§ Task objective: Only the lines from the one that contains "法轮功学员听后表示谢谢他们并" to the last line below, both included, should be transcribed. Pictures stay out of the copy.

§ Dataset content:

++++++

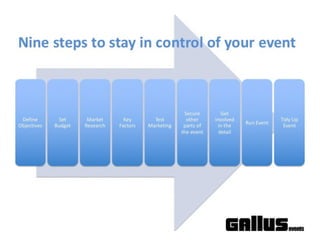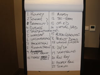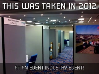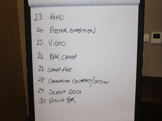 This document outlines an event management training session on making events more creative and engaging. The session covers identifying barriers to creativity, learning structured approaches to event planning, understanding objectives and success metrics, securing key elements like speakers and sponsors, and ensuring events are not boring through creative elements like gamification, technology, and unique networking opportunities. Attendees will work on exercises to apply the lessons to their own events and overcome barriers to making positive changes.
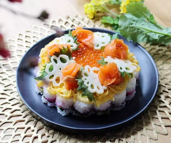 そんなひな祭りのお祝いにぴったりなのが、女の子の大好きな「お花の形」をした散らし寿司ケーキ。
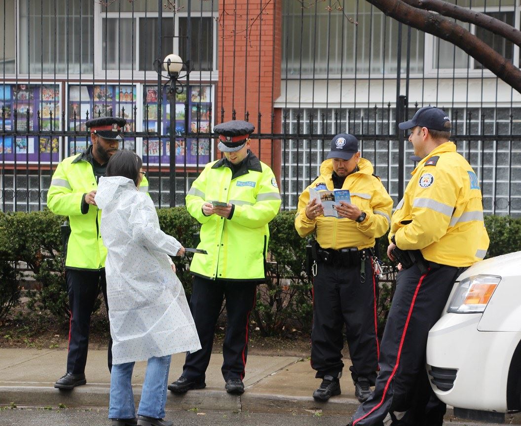 法轮功学员听后表示谢谢他们并告诉他们在中国情况正好相反,如果你修炼法轮功的话,就会被中共的警察抓捕入狱,就像真相传单上这张照片一样。警察们拿着真相传单阅读起来了。
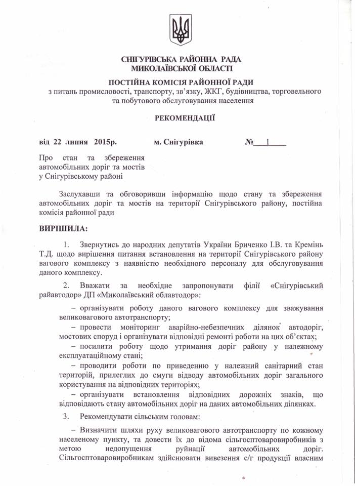 По результатам чрезвычайных ситуаций, произошедших в результате разрушения грузовиками понтонных мостов и дорог местного значения, на Снигиревщини народные депутаты Тарас Креминь и Игорь Бриченко встретились с представителями местной власти: руководителями райгосадминистрации, районного совета, с прокурором района, начальником райотдела милиции, сельхозпроизводителями, сельскими головами, общественностью.

++++++

§ Task output:
 法轮功学员听后表示谢谢他们并告诉他们在中国情况正好相反,如果你修炼法轮功的话,就会被中共的警察抓捕入狱,就像真相传单上这张照片一样。警察们拿着真相传单阅读起来了。
 По результатам чрезвычайных ситуаций, произошедших в результате разрушения грузовиками понтонных мостов и дорог местного значения, на Снигиревщини народные депутаты Тарас Креминь и Игорь Бриченко встретились с представителями местной власти: руководителями райгосадминистрации, районного совета, с прокурором района, начальником райотдела милиции, сельхозпроизводителями, сельскими головами, общественностью.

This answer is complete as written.